Selon des sources au Pentagone
Trump serait en train de préparer son «coup final» contre l'Iran

Le Pentagone prépare des options militaires contre l'Iran, selon Axios. Face à la crainte de l'échec des pourparlers sur le détroit d'Ormuz, Washington envisagerait des frappes aériennes et l'invasion d'îles stratégiques.
Donald Trump dans le Bureau ovale de la Maison-Blanche, le 24 mars 2026, à Washington.
Photo: KEYSTONE
Janine Enderli

Donald Trump est-il sur le point d'envoyer une bombe à retardement sur l'Iran? D'après certaines rumeurs, des préparatifs en ce sens seraient déjà en cours. Selon le média américain Axios, citant plusieurs sources gouvernementales, le Pentagone serait en train de développer des options pour asséner à son adversaire un «coup final» pouvant inclure à la fois des troupes au sol et des frappes aériennes massives. 

L'élément déclencheur de ce «coup final»? La crainte que les efforts diplomatiques échouent et que le détroit d'Ormuz, d'une importance stratégique cruciale, reste bloqué. Selon Axios, Washington se questionne sur l'utilité d'une démonstration de force. Renforcerait-elle sa position de négociation ou permettrait-elle au président Donald Trump de revendiquer une victoire politique? Parallèlement, des sources internes avertissent que nombre de ces scénarios risquent de prolonger le conflit et de l'aggraver.

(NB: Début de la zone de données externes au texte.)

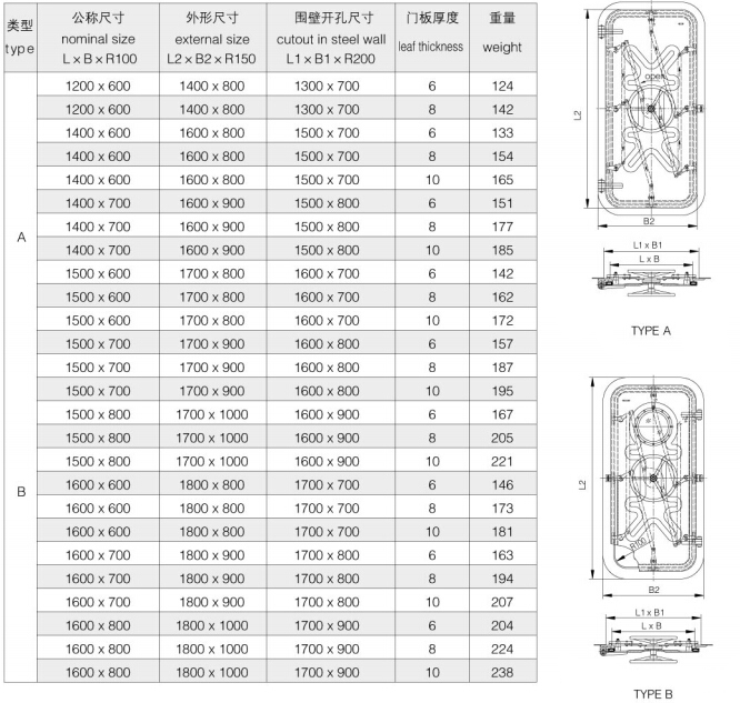Quick Action Watertight Steel Door is used for the doorway of upper structure above freeboard deck or deck house. This door meets the standard of ISO6042-1980. It can be opened and closed quickly and lightly which saves time and reduces noise. This door performs well in water tightness. The bearable pressure is no more 0.07Mpa. There are two types of quick action watertight steel door: type A and type B. This door can be customized.
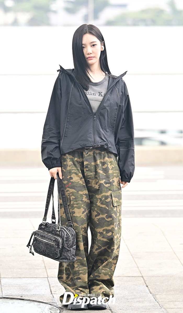 닝닝은 블랙 컬러의 윈드 브레이커와 카고팬츠로 힙한 공항패션을 완성했다. 시크한 비주얼과 러블리한 미소도 돋보였다.
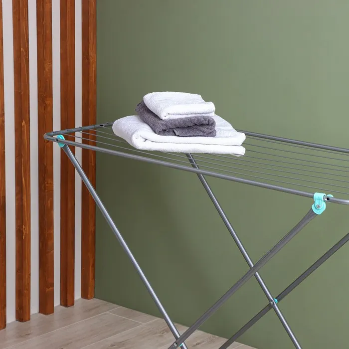 Компактная складная напольная сушилка для белья, подходит для использования в небольших помещениях.
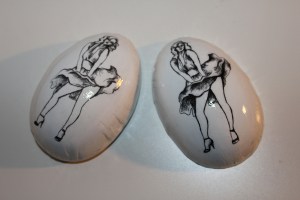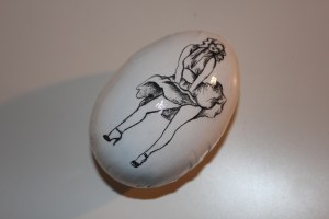 Når jeg var ferdig med selve tegningen gikk jeg over hele egget med knettgummien for å prøve å få bort overflødig granitt som var kommet litt rundt om på egget. Gessoen gir en litt grov overflate og det ble litt blyantstøv som kom utenfor selve tegningen. Da jeg følte jeg hadde fått bort det meste fant jeg frem ‘varnish’ for vannfarger og sprayet over egget i håp om at det som fungerte på akvarellen også ville fungere på blyanten – og det fungerte veldig fint. Etter å ha sprayet dem og latt dem tørke gikk jeg over med noen lag med blank lakk for å gi dem en tykk og glansfull overflate (som også beskytter selve tegningen).
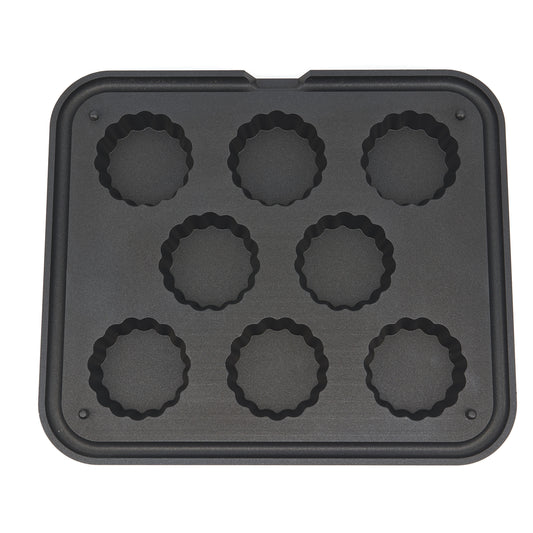 Tartlet Mould - Round - 89/65 mm - 9 pieces Tartlet inner size: Ø 65 mmTartlet outer size: Ø 89 mmHeight tartlet: 22 mm Dimensions baking tray: W380 x D328 mm

L'une des options envisagées est d'envahir les îles stratégiques comme Kharg ou Abou Moussa, ainsi que des mesures visant à entraver les exportations de pétrole iranien. Des attaques contre des installations nucléaires, voire des opérations terrestres risquées à l'intérieur du pays, sont également à l'étude. 

«Déchaîner les enfers»

Si Donald Trump n'a pas encore pris de décision, le ton de Washington se durcit tout de même: la porte-parole de la Maison Blanche, Karoline Leavitt, a déclaré que le président était prêt à frapper «plus fort que jamais». «Le président ne bluffe pas et il est prêt à déchaîner les enfers», a-t-elle affirmé. 

Téhéran menace de représailles massives. Les pourparlers se poursuivent sous l'égide de médiateurs internationaux, mais une profonde méfiance de part et d'autre entrave une solution diplomatique rapide.